Tiffany lifted her eyebrows, an expression that reminded Nicole of her own mother; disapproving.

“Maybe,” Tiffany continued, passing the cigarette to Nicole, “if you share, you’ll feel better. So, what’s up?”

“I don’t know,” Nicole said.

“You
do
know.”

“It’s embarrassing.”

“Worse than your thing about swine flu? Worse than when you thought the city was being attacked by terrorists and texted Josh, like, twenty times?”

“Fuck,” Nicole said. “I’m a freak.” She squeezed out a small laugh.

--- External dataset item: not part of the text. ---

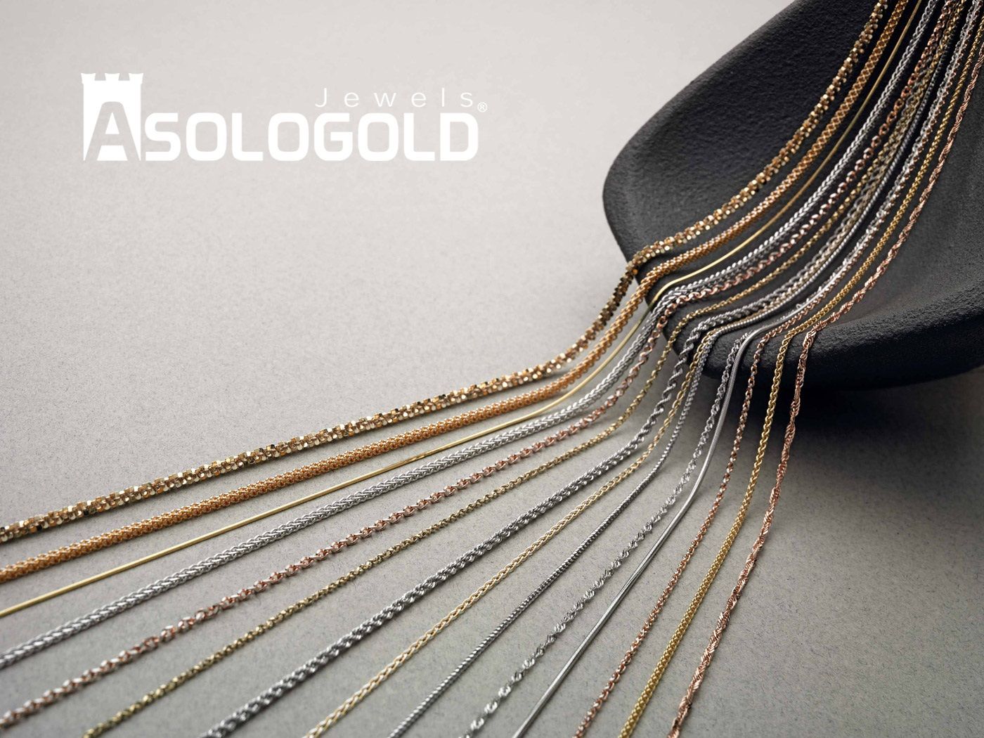 Asolo Gold is one of the Italian leaders in the production of high quality gold (8, 9, 10, 14 & 18kt) and platinum (950) chains.

“Just tell me, dammit. I’m not going anywhere until you do.” Tiffany pulled the lit cigarette from Nicole’s hand. “No judging, promise.” She took a drag, squinting against the smoke as the tip blazed red.

“I’m happy,” Nicole started. “I mean, I know.” She nodded somberly. “I seem miserable. Josh reminds me that every day. But I swear. In many ways, this is the happiest I’ve ever felt.”

“But are they the ways that matter?” Tiffany asked as she reached over and patted Nicole’s wind-chilled hand. “Look, Nic, if there’s anyone out here that understands, it’s me? I’m broken, too. Remember? I should be on a ton of drugs!”

How did Tiffany know she had stopped taking her meds, Nicole thought. What if Tiffany outed her to Josh, motivated by what Tiffany would call
friendly concern
? Nicole imagined Tiffany’s slinking next to him, hooking her arm in his, whispering,
You know, Josh,
her hot breath in his ear,
I’m worried about Nic
.

Tiffany, Nicole thought, was not the frenemy any mom in her right mind would take on.

“I’m sorry,” Nicole blurted.

“What’s there to be sorry about?”

Tiffany pulled the crushed pack of American Spirits from the jacket pocket. She tapped two cigarettes out, tucked one between her puffy lips, gave the other to Nicole, and tossed the empty pack over the seawall.

Nicole stopped herself from mentioning pollution.

“I’ve been meaning to text you about last week,” Nicole said. “You know.” She paused. “The thing at the bar. With Susanna.”

“Pregnant women,” Tiffany said with a huff. “They’re certifiable.”

“Susanna was just”—Nicole paused—“so upset. You know how she is. Always mommying everyone.”

Tiffany mumbled something Nicole couldn’t hear.

Nicole continued, “She thought that—maybe—you were drunk. Vulnerable. That the guy was going to take advantage of you. And I got caught in the middle.”

What Nicole didn’t say was that they’d all been on Susanna’s side. Susanna had been the only one brave enough to tell Tiffany she’d had too many Cosmos, she was being loud, she was embarrassing them on this one night they’d all managed to get sitters or secure husbands to watch the kids, after they had squeezed into their
before children
clothes and straightened their hair and tweezed their eyebrows and shaved their legs in anticipation of Girls’ Night Out.

Nicole was anxious to change the subject now that she’d performed her apology, and she felt that shivering sense that time was both slowing down and speeding up, a precursor to her panic attacks.